A collaborative research effort based at Oregon State University – Cascades has concluded that summer hoary bat populations in the Pacific Northwest are in decline. In a paper just published in Ecology and Evolution, researchers examined occupancy trends in Oregon and Washington by comparing data collected from 2003-2010 with new data collected in collaboration with NABat from 2016-2018. In addition to documenting a decline in regional hoary bat populations, the study demonstrates the continent-wide monitoring program's potential to reveal emerging threats to North American bat species. By aggregating data from regional partners across North America, future NABat analyses will help identify the drivers of population change and inform recovery efforts for threatened species.

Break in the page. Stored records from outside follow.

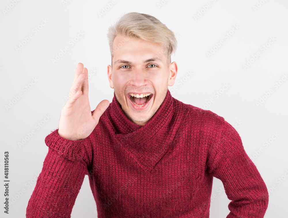 man in a red sweater with a beard laughs holding his stomach, logo, joy, laugh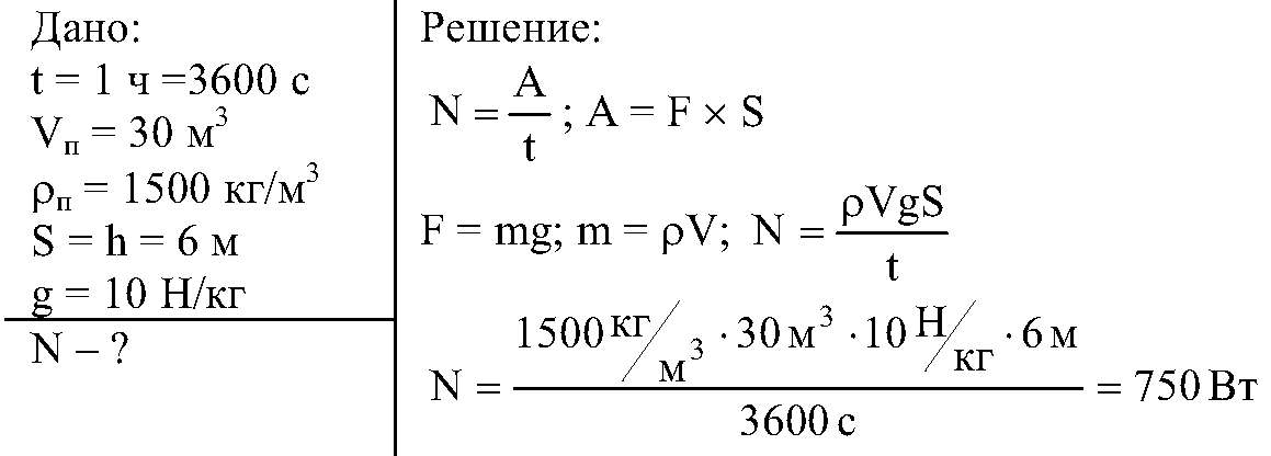 N = 1500 кг / м^3 * 30 м^3 * 10 H/ кг * 6м и это все разделить 3600 с = 750 Вт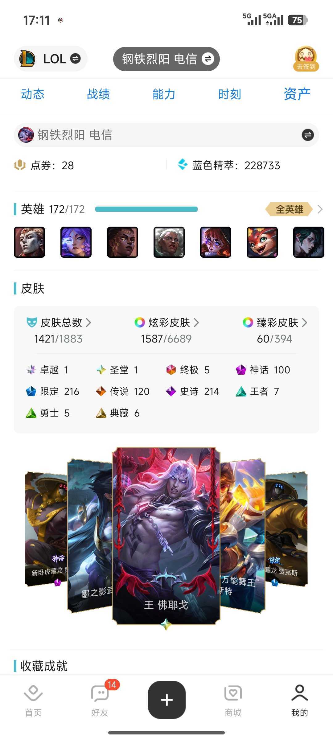 王 佛爷戈 2159P⭐️1400原皮⭐可排位⭐️带妹号♥ 新皮肤可用⭐️斗魂觉醒莎弥拉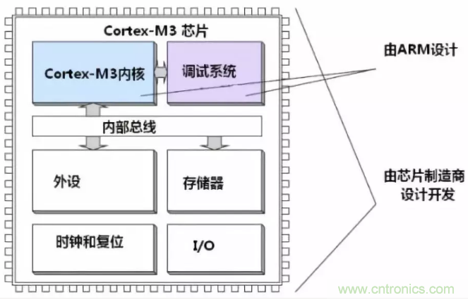 10、ARM公司只生產(chǎn)內(nèi)核標(biāo)準(zhǔn),不生產(chǎn)芯片。ST、TI這樣的公司從ARM公司那里購(gòu)買內(nèi)核,然后外加自己的總線結(jié)構(gòu)、外設(shè)、存儲(chǔ)器、始終和復(fù)位、I/O后就組成了自己的芯片。

There is growing concern among researchers about the impact of wind energy production on hoary bats, which commonly collide with the spinning blades of turbines. Although the exact number is uncertain, most estimates place annual bat fatalities in the tens to hundreds of thousands. In the U.S., the majority of bat fatalities occur in migratory species, and hoary bats are the most heavily impacted.
Researchers also examined occupancy rates of the little brown bat, but found no evidence of regional declines. The widely distributed species has undergone significant declines in eastern states and parts of Canada, where the fungal disease white-nose syndrome is blamed for more than 6 million bat fatalities since its discovery in New York in 2006. The disease, which has since spread to 33 states and seven Canadian provinces, was first confirmed in the Pacific Northwest in 2016, and researchers were interested in whether it has begun to impact western populations. The little brown bat is currently listed as a threatened species in Canada and has been considered for federal protection in the U.S.

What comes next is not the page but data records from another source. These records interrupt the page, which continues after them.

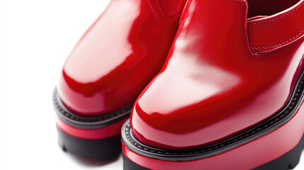 Bright red platform shoes designed for women feature a glossy finish and a modern silhouette, perfect for adding flair to casual or dressy outfits in any season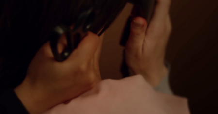 Лейла видит ее кошку, которая незаметно пробралась в сарай вместе с ней. Кошка уселась под веревкой, которая случайно обвила ее шею, и, когда она попыталась спрыгнуть, веревка начала ее душить. Лейла в ужасе, она хватает садовые ножницы и спешит на помощь зверьку. Комбинация интрузивных мыслей о том, что она может навредить кошке этими ножницами, опасности, в которой находится кошка из-за веревки — тем более, что кошка пытается вырваться из нее, соответственно, она не стоит на месте и перерезать веревку намного сложнее — и окружающих ее пил ударяет по героине всеми ее страхами одновременно, она начинает плакать, но не отступает. Брат слышит ее и пытается открыть сестре дверь, но та застряла и он ничем не может помочь.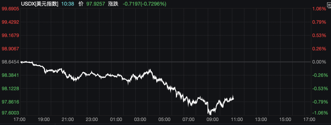 现货黄金盘中拉升,一度涨超1.3%,逼近3400美元/盎司。美元指数盘中跳水,跌至3年多来最低水平。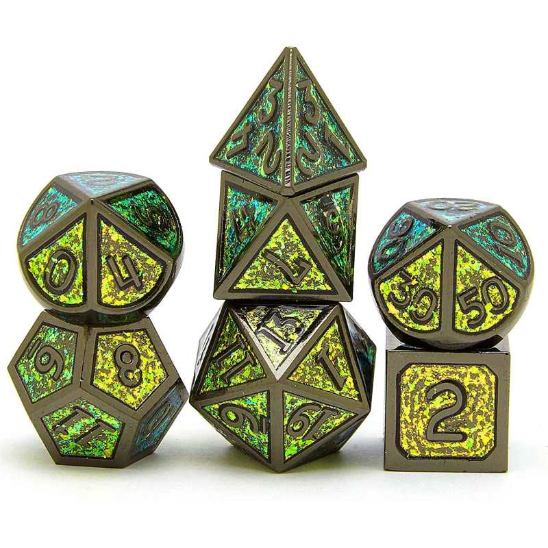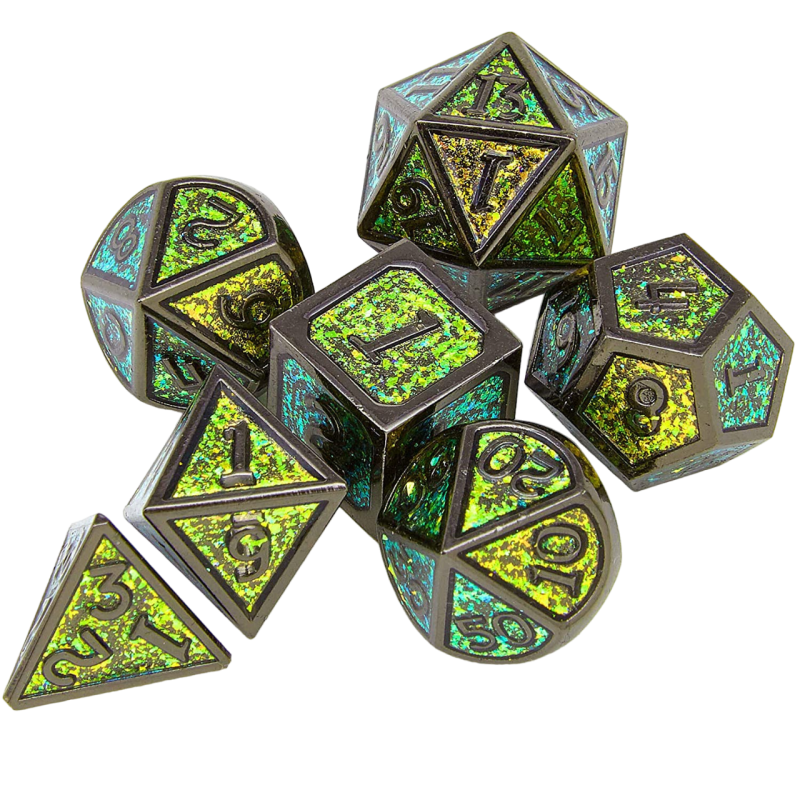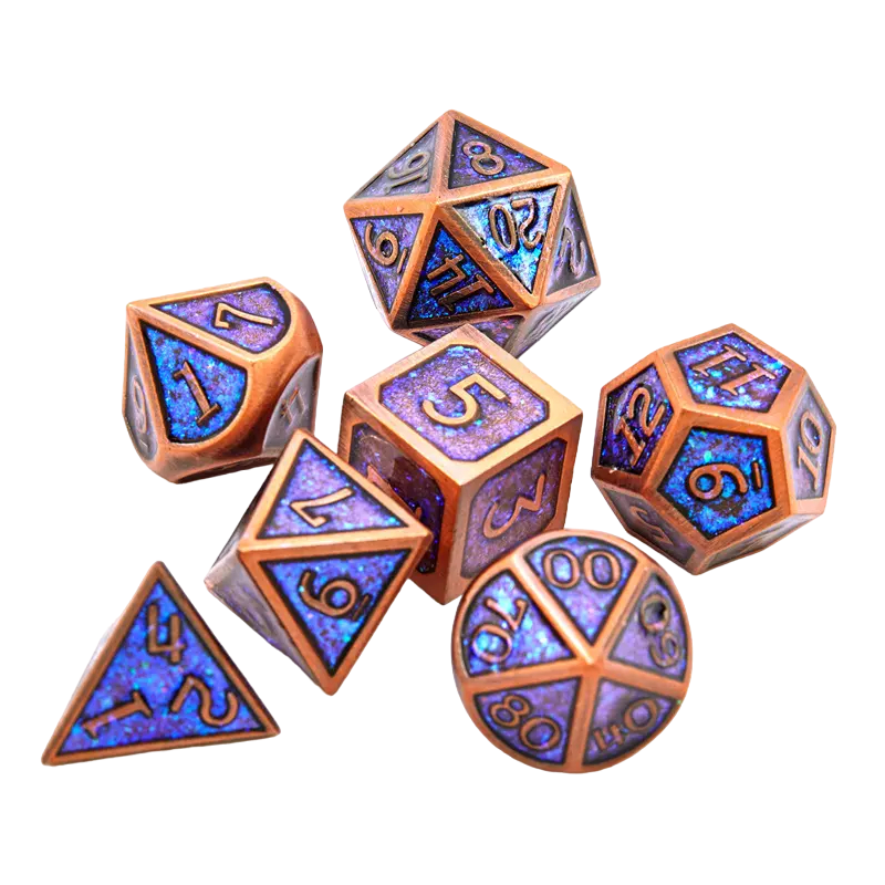 • Dwa zestawy 7 kości wykonanych z metalu. Idealnie nadają się do każdego systemu i dla każdego gracza.

More broadly, the paper stresses the potential to update previous monitoring efforts with new data using Bayesian inference. This approach incorporates historic data into prior distributions that inform new modeling efforts, allowing researchers to combine monitoring efforts that often have years-long gaps in data collection. To test the approach, authors compared models that utilized historic data to models with no prior data. While overall trends were not influenced, incorporating prior data produced more precise estimates of occupancy and strengthened evidence of declines in hoary bat populations.
The collaborative study was funded by the Oregon Department of Fish and Wildlife, National Park Service, U.S. Fish and Wildlife Service, U.S. Forest Service, Bureau of Land Management, and U.S. Geological Survey.